In this issue of Retina Today, Andres Amaya Espinosa, MD, describes the details of an technique that is used to treat traction retinal detachment due to severe proliferative diabetic retinopathy.

We extend an invitation to readers to submit surgical pearls for publication in Retina Today. Please send submissions for consideration to Dean Eliott, MD (deliott@doheny.org), or Ingrid U. Scott, MD, MPH (iscott@psu.edu). We look forward to hearing from you.

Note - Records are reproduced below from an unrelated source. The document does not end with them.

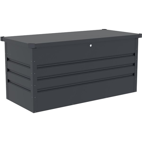 Kerti tárolódoboz - fém, fedélzáró pántok és lezárási lehetőség, űrtartalma 295 l, mérete 62 × 99 × 61 cm (Ma×Sz×Mé), szürke kivitel, tömege 17000 g A profi, 295 l űrtartalommal rendelkező ROJAPLAST kerti tároló láda lehetővé teszi a kerti szerszámok rendben tartását, hogy azok védve legyenek, és egyben kényelmesen tárolhatók kellően nagy helyen.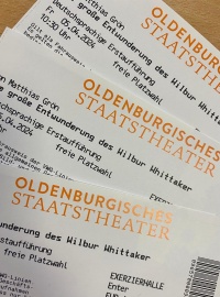 Am 5. April besuchte der 5. Jahrgang das Oldenburgische Staatstheater und schaute sich in der Exerzierhalle das Theaterstück "Die große Entwunderung des Wilbur Whittaker" an. Dieser Besuch fand im Rahmen des ENTER-Programms statt - ein Kooperationsprogramm zwischen dem Staatstheater Oldenburg und Schulen in und im Umland von Oldenburg. So ist auch unsere Schule Teil des Programms, das Theater als einen Bildungsort erfahrbar macht. Nach diesem gelungenen Stück freuen wir uns schon auf unseren nächsten Besuch im Staatstheater!
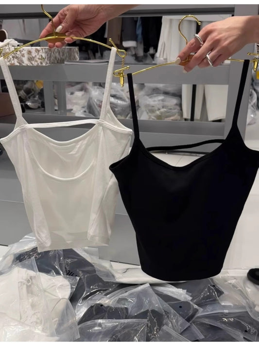2024 summer fashionable and elegant back bra small suspender hollow back tube top black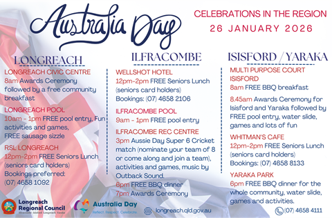 Australia Day Celebrations in the Region 26 Jan 2026 Join us for Australia Day celebrations in the Region Tagged as: , Community events & fundraisers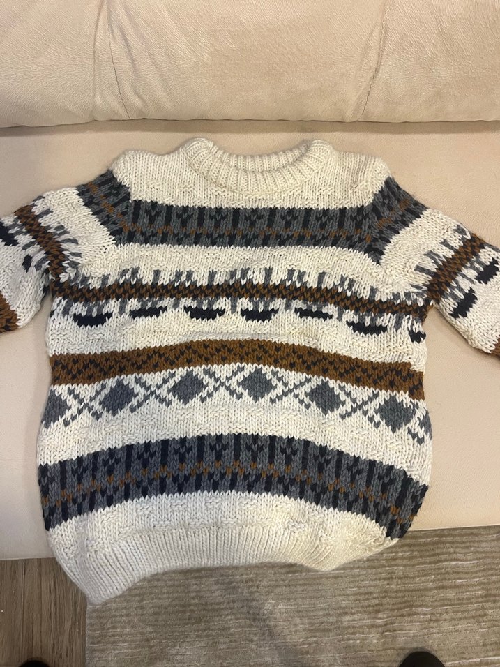 Bohem tarzda, gri, beyaz ve kahverengi desenli, yuvarlak yaka, bol kesim örgü erkek çocuk kazak. Rahat kullanıma uygundur.İyi durumda hiç tülerme yoktur.11/12 yaş için uygundur.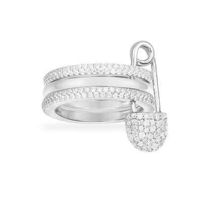 Triple Hoops And Safety Pin Ring - Silver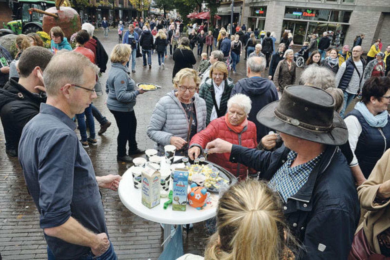 Bereits zum zehnten Mal gab es in diesem Jahr eine Erntedank-Aktion der Bäuerinnen und Bauern aus dem Landkreis Leer am Gallimarktssonntag auf dem Denkmalplatz in der Fußgängerzone von Leer.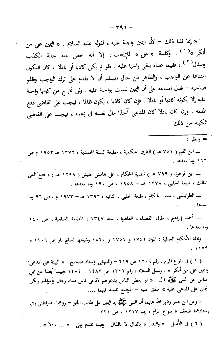 "إنما قلنا ذلك - لأن اليمين واجبة عليه، لقوله عليه السلام: "اليمين على من أنكر". وكلمة "على" للإيجاب، إلا أ، هـ خص منه حالة الكذب والبذل، ففيما عداه يبقى واجباً عليه. فلو لم يكن كاذباً أو باذلاً، كان النكول امتناعاً عن الواجب، والظاهر من حال المسلم أن لا يقدم على ترك الواجب وظلم صاحبه - فدل امتناعه على أن اليمين ليست بواجبة عليه. ولن تخرج من كونها واجبة عليه إلا بكونه كاذباً أو باذلاً. فإن كان كاذباً، يكون ظالماً، فيجب على القاضي دفع ظلمه. وإن كان باذلاً كان المدعي آخذاً مال نفسه في زعمه، فيجب على القاضي تمكينه من ذلك.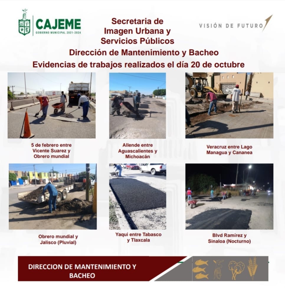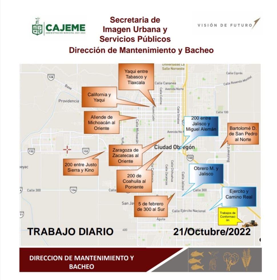PUNTOS DE LA CIUDAD EN LOS CUALES SE TRABAJA HOY 21 DE OCTUBRE EN BACHEO Y REPARACIÓN DE VIALIDADES 21 de octubre de 2022 FacebookTwitterPinterestWhatsApp PUNTOS DE LA CIUDAD EN LOS CUALES SE TRABAJA HOY 21 DE OCTUBRE EN BACHEO Y REPARACIÓN DE VIALIDADES,POR LA CUADRILLAS DEL MUNICIPIO DE CAJEME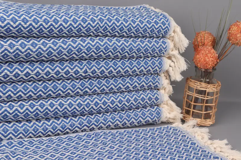 Hanging Kitchen Towel Sax Blue Organic Cotton, Diamond Pattern, 18x36 Inches

—Dean Eliott, MD; and Ingrid U. Scott, MD, MPH

Traction retinal detachment (TRD) secondary to proliferative diabetic retinopathy (PDR) is one of the most challenging situations for a vitreoretinal surgeon. Intraoperative complications such as iatrogenic breaks and intraocular bleeding can be quite frequent, even in the hands of an experienced surgeon.1 Classic surgical techniques include segmentation and delamination described by Charles,2 and en bloc technique described by Abrams.3 New advances in ocular instrumentation have permitted the development of improved vitrector tips in terms of safety and efficiency, and microsurgical vitreoretinal tools for bimanual surgery that facilitate vitreoretinal procedures with fewer intraoperative complications. In order to facilitate surgery for diabetic TRD, viscodissection and perfluorodissection were introduced. 5,6 In both techniques the goal is to separate the posterior hyaloid from the subjacent retina using viscoelastic substances or perfluorocarbon liquids, creating a space suitable for dissection of fibrovascular tissue. This article describes our surgical technique using viscodissection to treat TRD secondary to severe PDR.

DESCRIPTION
I use a BIOM wide-angle viewing system (Oculus, Optikgeraete, Germany) with a Carl Zeiss Meditec (Jena, Germany) microscope and the Accurus Surgical System (Alcon Laboratories, Inc., Fort Worth, TX) with the 3D vitrectomy setting. Twenty-gauge or 23-gauge instrumentation is used to perform surgery in these cases. Initial vitrectomy is performed in the central vitreous cavity. After all central vitreous is removed, and in order to eliminate all anteroposterior traction, an opening in the posterior vitreous cortex is made. This opening should be made over an area of attached retina, typically in the midperiphery, and then a circumferential truncation of the posterior vitreous cortex is extended for 360°. Truncation of the posterior vitreous cortex releases all bonds with the anterior vitreous and permits a safe dissection of fibrovascular tissue without risk of inadvertent traction at the vitreous base. Blood behind the posterior vitreous cortex is removed using a soft tip Charles cannula. After all anteroposterior traction is released, epiretinal membrane segmentation and delamination is begun.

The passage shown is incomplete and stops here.